Lightwave International released the Phenom, a small moving head laser that is rated for audience scanning effects. The company doesn’t say what the laser diodes inside are rated for, but the unit draws only 3A @ 240v, which is impressive. The audience scanning feature is intrinsic to the design of the unit, as the lasers – even if parked straight into the audience – always deliver less than the amount of laser radiation permitted by the FDA. As always, it’s extremely difficult to judge the brightness of lights at LDI, but my intuition was that the lasers would be impressive in anything smaller than a stadium. Sadly, it uses PowerCon, but hopefully Lightwave will realize their error there and upgrade to a TrueONE connector. It’s a sexy little laser for sure.

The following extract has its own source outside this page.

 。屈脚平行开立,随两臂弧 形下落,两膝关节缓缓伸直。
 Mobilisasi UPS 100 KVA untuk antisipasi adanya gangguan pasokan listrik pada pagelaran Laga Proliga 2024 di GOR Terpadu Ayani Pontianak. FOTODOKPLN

Lightwave International Phenom from Blueshift Design on Vimeo.

Lightwave International Phenom from Blueshift Design on Vimeo.

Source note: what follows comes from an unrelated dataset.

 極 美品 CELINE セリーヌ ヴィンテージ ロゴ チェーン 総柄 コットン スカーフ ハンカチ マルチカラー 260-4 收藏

VER’s Crazy Unnamed Screen Thingy

VER had a very interesting new screen gizmo at LDI – an LCD screen with no back, and no backlight, so that the images simply float across an almost transparent piece of glass. You can’t see the image unless there’s something behind it shining light through it, which is a really interesting effect. Here’s a really terrible picture that attempts to capture the idea.


Perhaps I’m overestimating the utility here, but I think this is a product with an abundance of design possibilities. Like any video product, it’s all about the content that you play onto it. The conceit here is that video is opaque while white is clear – but it’s not like looking through a traditional blow-through video wall, it’s actually clear. Here’s a video for a better idea of what you’re looking at: (That’s my friend Patrick Eaton speaking in the background.)

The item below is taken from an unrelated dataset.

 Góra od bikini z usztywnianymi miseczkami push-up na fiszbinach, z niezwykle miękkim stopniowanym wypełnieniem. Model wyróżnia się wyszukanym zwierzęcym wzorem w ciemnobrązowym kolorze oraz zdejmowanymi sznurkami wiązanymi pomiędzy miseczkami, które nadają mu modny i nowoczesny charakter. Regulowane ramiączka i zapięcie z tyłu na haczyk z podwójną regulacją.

Lightwave International Phenom from Blueshift Design on Vimeo.

Ayrton Everything

Ayrton (Distributed by Morpheus Lighting in the United States) is a relative newcomer, at least in the U.S., but they made a huge splash a few years ago with the Ayrton MagicPanel 602, a 6×6 square of LED emitters. No zoom, but full color-mixing and continuous pan and tilt rotation. These were used to great effect in one of Roy Bennet’s iconic designs for American band Nine Inch Nails:



Since then, Ayrton has released a whole range of fixtures with the continuous pan and tilt rotation feature, color-mixing, and optics optimized for large-scale pixel-mapping effects. This includes a linear batten, the MAGICBLADE-R (that both pans and tilts), a small LED beam light, the MAGICRING-R1, and a monster of an LED beam / wash light called the MAGICRING-R9. Seriously, it’s the size of a small European country:


As expected, this light is very, very bright. Based on the demo I saw at the Ayrton booth, it looks like it will be quite excellent at pixel-mapping effects. The speed of the pan and tilt was quite acceptable for such a large head, and I’m the brightness will be more than acceptable for anything but the most ridiculous applications. Ayrton also had on a display the same optics in a static floor or wall tile, the INTELLIPIX-R. This fixture does for RGBW color what the ELIDY did for warm white – very narrow optics that project volumetric space-filling light. It’s an impressive look, and done on a large scale would be absolutely incredibly. Unfortunately, the tiles are rather heavy, weighing 35lbs per tile, which for a tile half a meter by half a meter is a lot. That may not matter for some applications, though, and the INTELLIPIX-R is a very cool product that I’d love to use sometime.

The VL Mystery Fixture

I signed a thing saying I wouldn’t talk about it, but it’s awesome.